В означенный день, в одиннадцать часов ночи, конная партия в восемьсот человек, под предводительством отважного Хаджи-Мурата и закоренелого в боях и во вражде к нам Мусы белоканского, укрывшись не в дальнем расстоянии от Шуры, выжидала лишь более позднего времени, чтобы ворваться внутрь укрепления и разграбить — как уже обнаружено впоследствии — торговые заведения. Хаджи-Мурат был уверен, что его предприятие увенчается успехом, так как хорошо знал, что укрепление не достроено, и гарнизон его слаб. Выслав по дороге в Шуру конный разъезд из пяти человек, а сам притаившись у Муселим-аула, он терпеливо ожидал от него подробных сведений о результате осмотра укрепления со всех сторон. Но разъезду не посчастливилось: он наткнулся на команду охотников апшеронского полка, был встречен несколькими выстрелами, потерял одну лошадь и без оглядки бежал к своему скопищу. Выстрелы были услышаны в Шуре, и воинский начальник тотчас вышел на юго-восточный бастион, ожидая прибытия охотников. Но они не очень торопились, думая, что появление татар было связано с обыкновенным мелким грабежом или хищничеством, которое повторялось почти каждую ночь. Сняв преспокойно седло с убитой лошади, апшеронцы повернули [246] обратно и методически плавно прибыли, наконец, к валу, дав часовым условный отзыв. Когда же они доложили о случившемся воинскому начальнику, то последний взглянул на это несколько серьезнее: он приказал охотникам, не отдаляясь много от вала, соединиться с другою командою, бывшею в обходе по дороге к селению Кафыр-Кумык, и ожидать — не покажутся ли хищники вторично; сам же, с тридцатью патрульными, взятыми частью из караула у аварских ворот, остался на бастионе.

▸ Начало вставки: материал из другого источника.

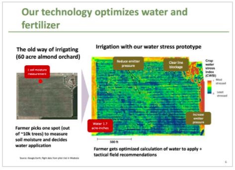 他们的独特价值定位不是飞机或者相机,而是精确监控水和农药的专门算法。精彩的想法。
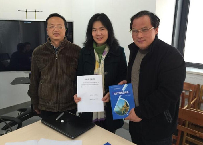 (左:三馆党总支书记帅斌,中:石工系党支部书记谢丛姣,右:图书馆馆长徐世球)
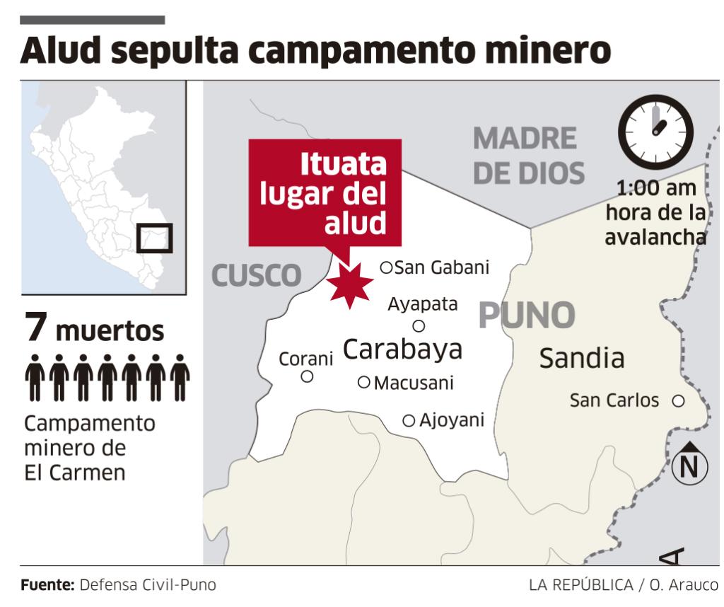 Un alud, producto de las fuertes lluvias en el sur del país, arrasó con un campamento minero informal en Puno, provocando la muerte de siete personas.
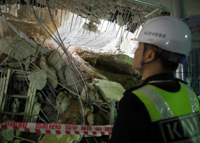 국토안전관리원 관계자가 지난해 5월2일 인천광역시 서구 검단의 한 아파트 지하주차장 붕괴 현장을 확인하고 있다. /사진=뉴스1
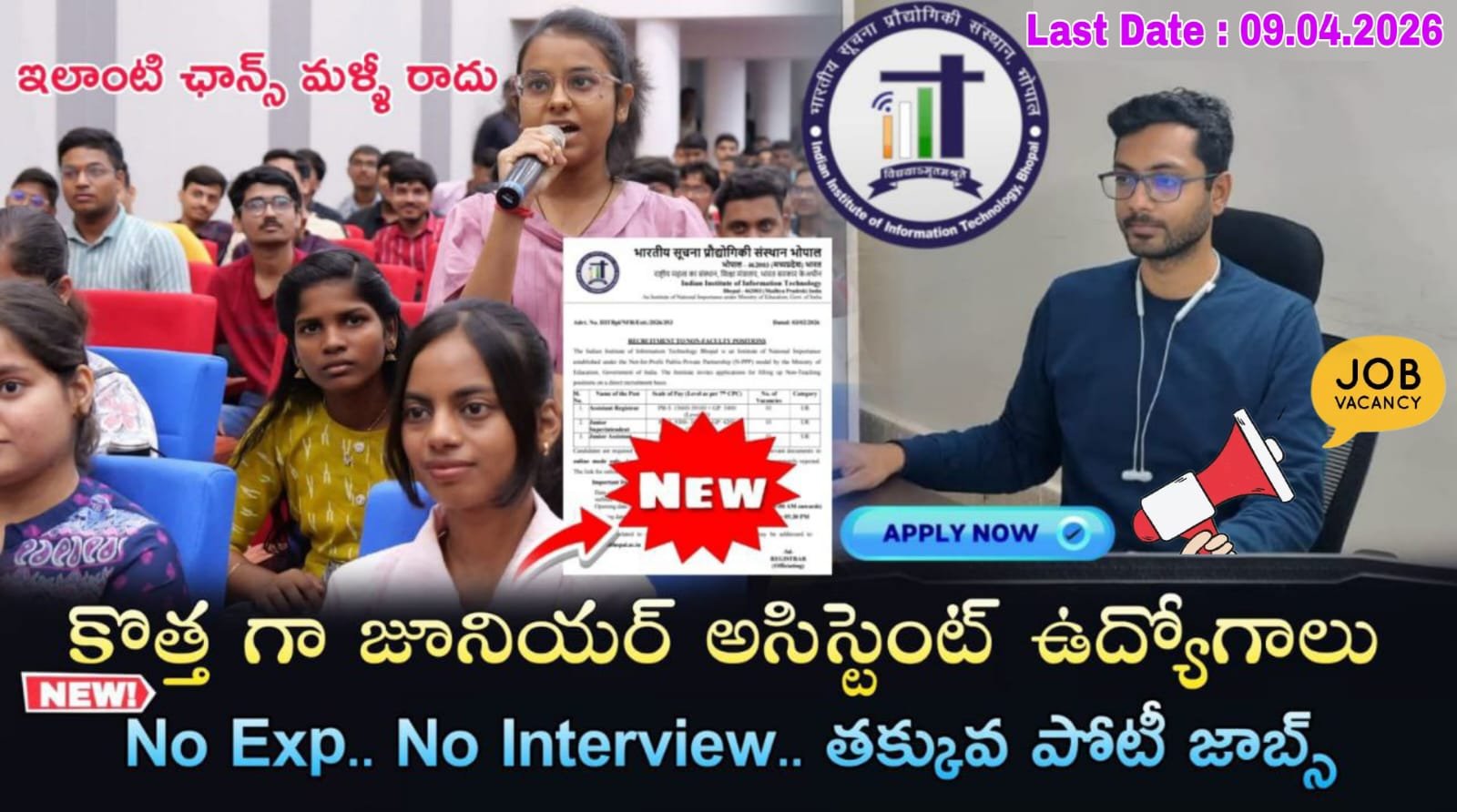 IIT Mandi Junior Assistant Job Notification 2026 Apply Now :  ఇండియన్ ఇన్‌స్టిట్యూట్ ఆఫ్ టెక్నాలజీ (ఐఐటి) లో జూనియర్ అసిస్టెంట్ బోధనేతర పోస్టుల కోసం భారత జాతీయుల నుండి ఆన్‌లైన్ దరఖాస్తులను ఆహ్వానిస్తోంది. ఆన్‌లైన్ దరఖాస్తు ఫారాలను సమర్పించడానికి చివరి తేదీ 09.04.2026 23:59 గంటలు (IST) లోపు అర్హతా ప్రమాణాలు ఆన్‌లైన్ దరఖాస్తు ఫారాలను సమర్పించే చివరి తేదీ నాటికి నిర్ణయించబడతాయి. ఆన్‌లైన్ ఆవేదన సంస్థ వెబ్‌సైట్ (www.jitmandi.ac.in) తథా వెబ్ లింక్ (https://liitmandint.samarth.edu.in/) లో అందుబాటులో ఉంది.
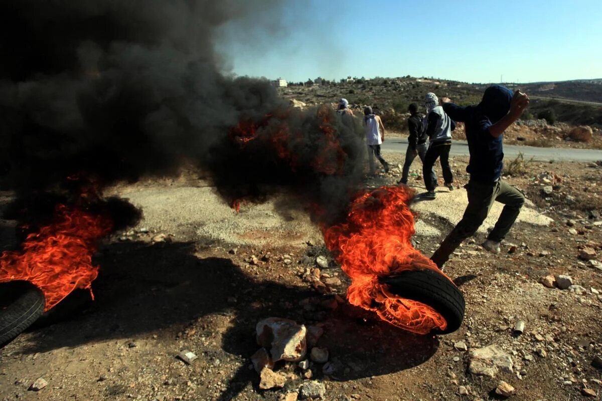 A protester flees from a tyre engulfed in flame in Silwad, east Jerusalem (AA)
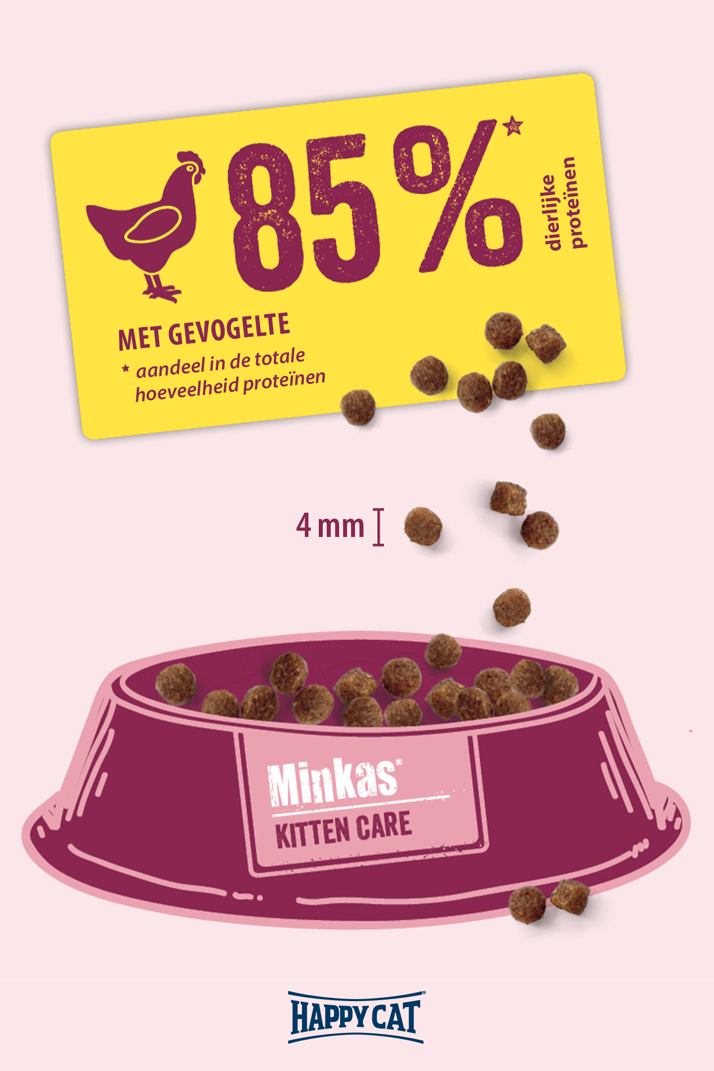 Onze Happy Cat Minkas Kitten Care zorgt dankzij de waardevolle proteïnen en hoogwaardige ingrediënten zoals omega-3 en omega-6 vetzuren voor een allround harmonische groei - 100 % evenwichtig en natuurlijk. De receptuur met lekker gevogelte is speciaal aangepast aan de behoeften van jonge katten. Het totaalvoer is ideaal vanaf 5 weken en geeft uw viervoeter alles , wat hij nodig heeft. Het smaakvolle droogvoer is rijk aan veel vitamines en een aan de groei aangepast gehalte aan mineralen en ondersteunt het immuunsysteem. Natuurlijk zijn onze recepturen vrij van kunstmatige geur- en conserveringsmiddelen.

Хаджи-Мурат, известясь от своего разъезда о встрече и тревоге, приблизился насколько возможно к Шуре, спешил триста отчаянных голов и приказал им навестить гарнизон; всех прочих всадников он оставил в резерве. Отряженная партия, прикрываясь сильною темнотою, подошла незаметно почти к самому валу. Тут только она наткнулась на команду охотников, которые, получив приказание воинского начальника, собирались направиться к Кафыр-Кумыку для соединения со своими товарищами. Гикнув, при дружном залпе, и свалив четырех апшеронцев, горцы опрокинули команду и кинулись по ее следам на бруствер; в одно мгновение они водрузили два значка возле нашей батареи и дерзко полезли через восточную часть вала во внутренность укрепления. Но как отважно было нападение, так молодецки произведен и отпор: горсть людей, окружавшая воинского начальника, встретила их выстрелами и штыками и свалила обратно книзу, а барабанщик, не ожидая приказания, заколотил такую тревогу, что сразу поднял на ноги всю Шуру. Однако из всего этого вышло пока мало проку, потому что часть горцев, не обескураживаясь от первой неудачи, бросилась к стороне вала, более удаленного от бастиона, ворвалась внутрь и через две минуты была у стен лазаретного отделения. Больные переполошились, призвали на [247] помощь все свои слабые силы и, повскакав с постелей, сбились в одну комнату. Тут они поспешно напали загромождать двери кто чем попало. Усердие их увенчалось полным успехом, и как горцы ни хлопотали, а отворить дверей не могли. Таким образом, безоружные больные отстояли себя голыми руками, и поплатился только один несчастный, который не мог подняться с койки и был ранен выстрелом из ружья. Истощив бесполезно всевозможные старания в штурме баррикадированной двери, и видя, что усердный барабанщик распространил тревогу по всему укреплению, хищники кое-как захватили несколько подушек, одеял и кружек и бросились обратно. Но в это время 4-й батальон апшеронцев, под начальством майора Павлова, с одной стороны, а полковник Асеев, с собранным им резервом, с другой — встретили бежавшего неприятеля и приняли его в штыки. Горцы, пользуясь темнотою, разбросались во все стороны и вскоре исчезли за валом; преследовать их в густом мраке решительно было невозможно. Только с рассветом были отправлены за ними драгуны, шамхальская милиция, батальон апшеронского полка и одно орудие, но они бежали, не останавливаясь, и к тому времени уже перевалились через хребет по дороге к Бурундук-кале.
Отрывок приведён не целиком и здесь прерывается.